*** Begin section ***

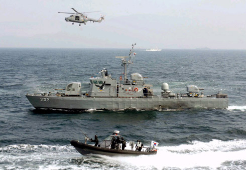 當天,韓國型驅逐艦“文武大王艦”、一架反潛直升機和兩艘高速短艇和負責船舶搜查任務的海軍特種士兵參與了演習。
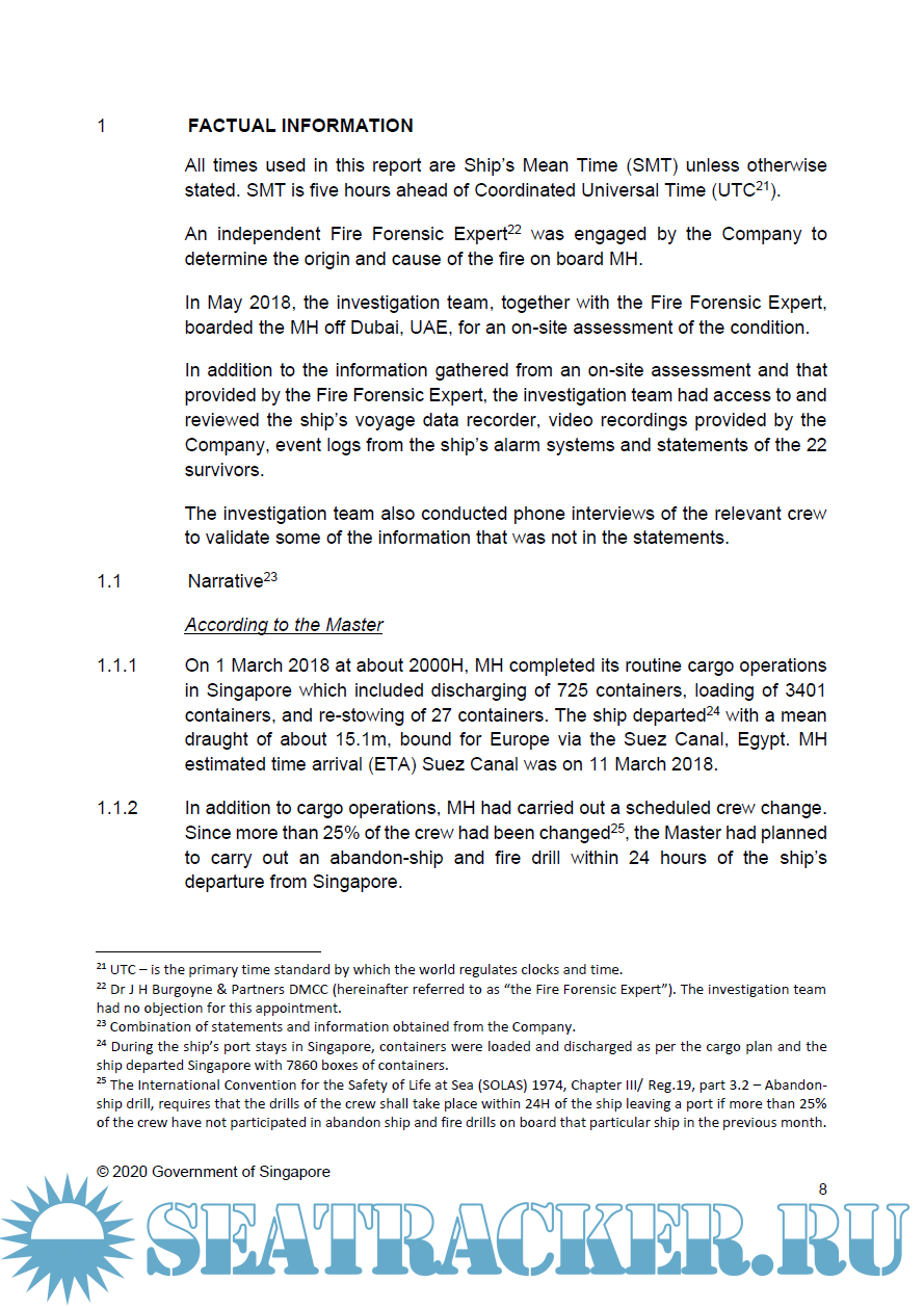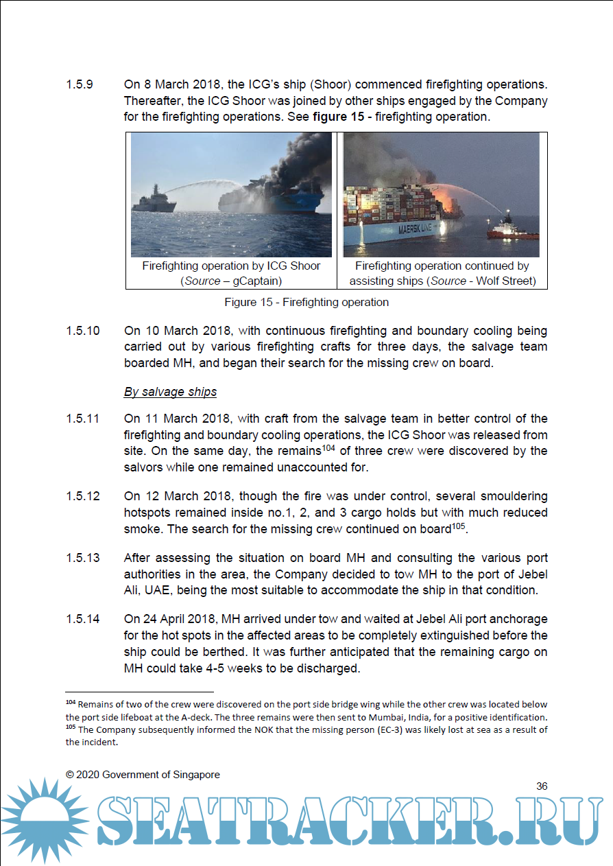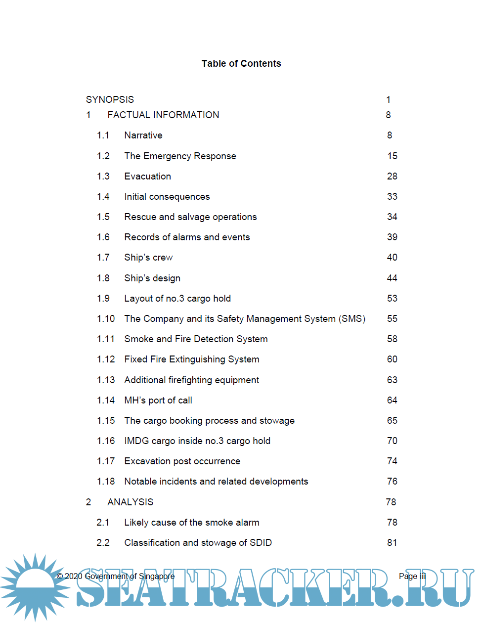 Year: 2020 Language: english Author: Transport Safety Investigation Bureau - MOT Singapore Format: PDF Quality: eBook Pages count: 102 Description: On 6 March 2018 at about 1945H (Local Time), in fine weather, the Singapore registered container ship Maersk Honam (MH), which was carrying 7860 containers, while en route from Singapore to Suez Canal, encountered a severe fire that started from no.3 cargo hold when the ship was in the Arabian Sea, about 900 nautical miles west of the coast of India. All the 27 crew responded to fight the fire by commencing boundary cooling and subsequent release of carbon dioxide (CO2) into the cargo hold but were not successful in extinguishing the fire. The crew sent out a distress signal and eventually abandoned ship at about 2215H. On 7 March 2018 at about 0130H, another ship, the ALS Ceres1, which had responded to the distress signal, picked up a total of 23 crew from the lifeboat. Four crew members were reported unaccounted for and declared missing. Search and Rescue (SAR) operations of the surrounding seas were carried out. One of the surviving crew succumbed to the injuries while en route ashore for medical treatment. The TSIB classified the occurrence as a very serious marine casualty and launched an investigation.
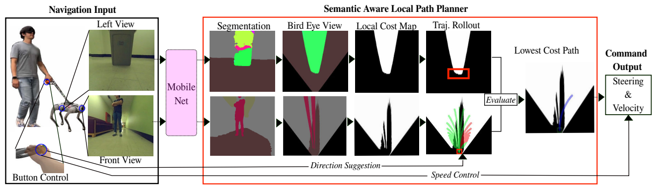 The semantic-aware local path planner utilizes segmentation masks to classify obstacles in the environment. The system considers the handler's position relative to the robot and generates collision-free paths that maintain safe distances from obstacles while following the handler's directional cues. This enables guide dog-like navigation behavior where the robot smoothly avoids obstacles while keeping the handler informed through the harness feedback.
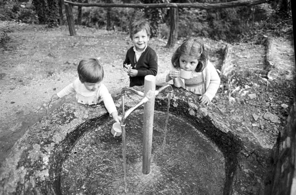 (Ampliar) - Mainada jugant a la font del Ferro. 1980. Joan Comalat Vila. INSPAI - Diputació de Girona.
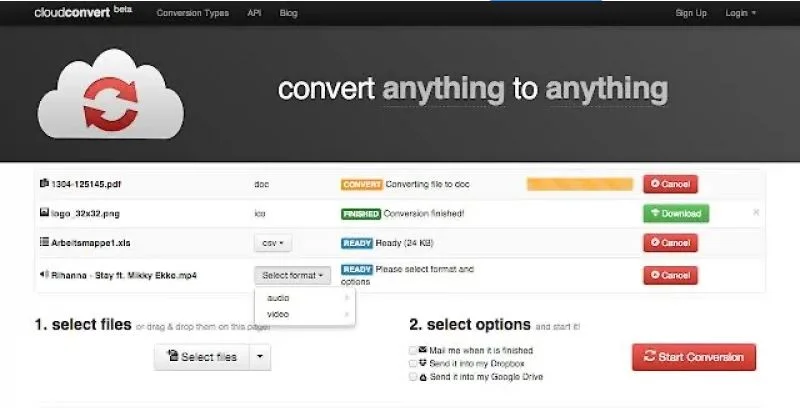 CloudConvert is a great tool that lets you convert media files like MP4A to MP3, MOV, and other output formats. This user-friendly program, CloudConvert, uses AI tech to execute all tasks. It supports the conversion of audios, excel spreadsheet, JPEG, and PowerPoint. Isn't that great? Also, you can use the program without installation.
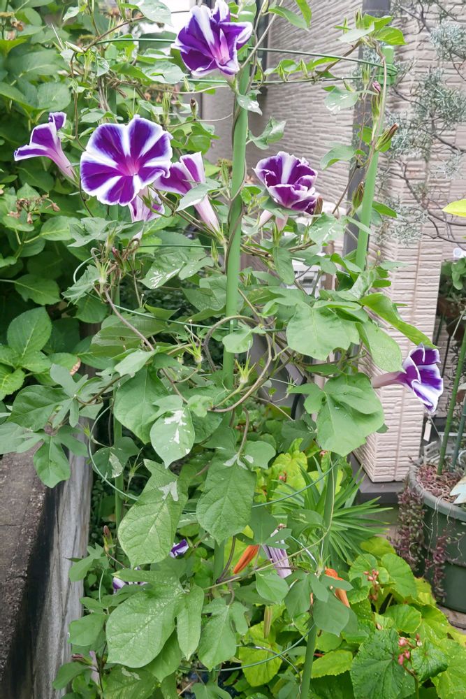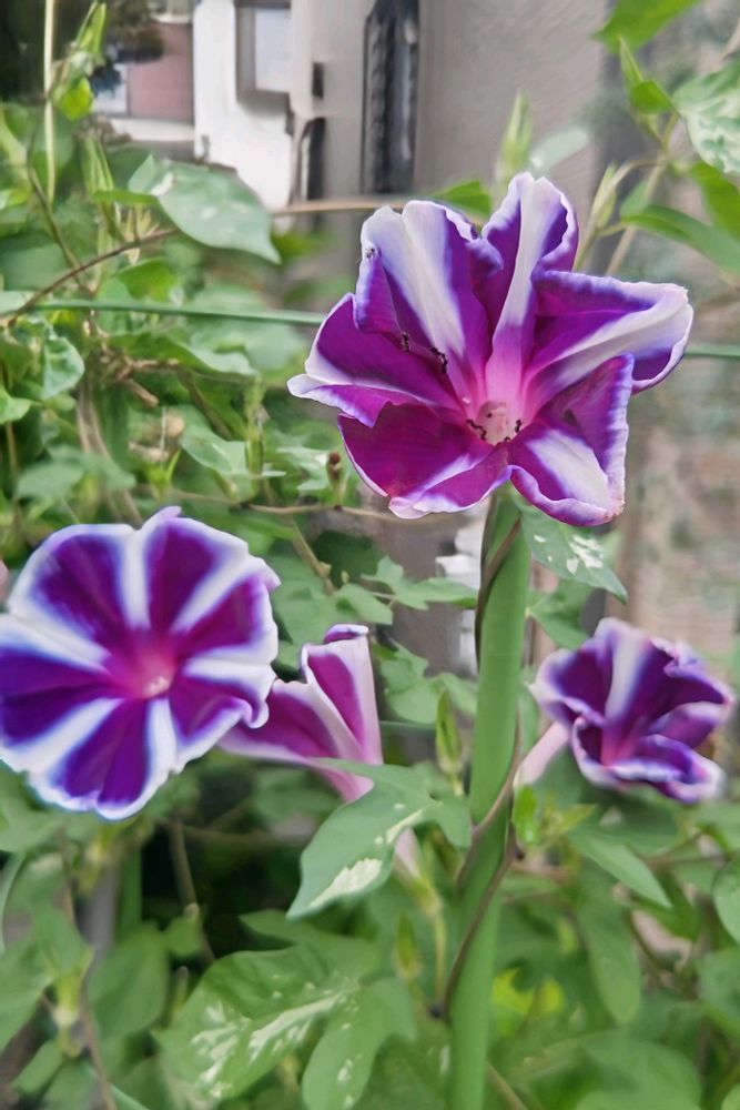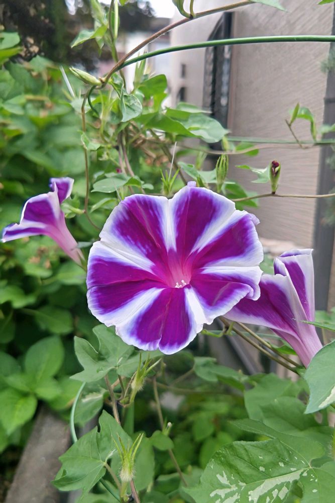 りりーちゃん、毎朝たくさんの花をつける、曜白朝顔の数を数えるお手伝いです😊

*** End section ***

» What needs to be done: Leaving every picture aside, repeat the listing exactly.

» Exercise output:
 當天,韓國型驅逐艦“文武大王艦”、一架反潛直升機和兩艘高速短艇和負責船舶搜查任務的海軍特種士兵參與了演習。
 Year: 2020 Language: english Author: Transport Safety Investigation Bureau - MOT Singapore Format: PDF Quality: eBook Pages count: 102 Description: On 6 March 2018 at about 1945H (Local Time), in fine weather, the Singapore registered container ship Maersk Honam (MH), which was carrying 7860 containers, while en route from Singapore to Suez Canal, encountered a severe fire that started from no.3 cargo hold when the ship was in the Arabian Sea, about 900 nautical miles west of the coast of India. All the 27 crew responded to fight the fire by commencing boundary cooling and subsequent release of carbon dioxide (CO2) into the cargo hold but were not successful in extinguishing the fire. The crew sent out a distress signal and eventually abandoned ship at about 2215H. On 7 March 2018 at about 0130H, another ship, the ALS Ceres1, which had responded to the distress signal, picked up a total of 23 crew from the lifeboat. Four crew members were reported unaccounted for and declared missing. Search and Rescue (SAR) operations of the surrounding seas were carried out. One of the surviving crew succumbed to the injuries while en route ashore for medical treatment. The TSIB classified the occurrence as a very serious marine casualty and launched an investigation.
 The semantic-aware local path planner utilizes segmentation masks to classify obstacles in the environment. The system considers the handler's position relative to the robot and generates collision-free paths that maintain safe distances from obstacles while following the handler's directional cues. This enables guide dog-like navigation behavior where the robot smoothly avoids obstacles while keeping the handler informed through the harness feedback.
 (Ampliar) - Mainada jugant a la font del Ferro. 1980. Joan Comalat Vila. INSPAI - Diputació de Girona.
 CloudConvert is a great tool that lets you convert media files like MP4A to MP3, MOV, and other output formats. This user-friendly program, CloudConvert, uses AI tech to execute all tasks. It supports the conversion of audios, excel spreadsheet, JPEG, and PowerPoint. Isn't that great? Also, you can use the program without installation.
 りりーちゃん、毎朝たくさんの花をつける、曜白朝顔の数を数えるお手伝いです😊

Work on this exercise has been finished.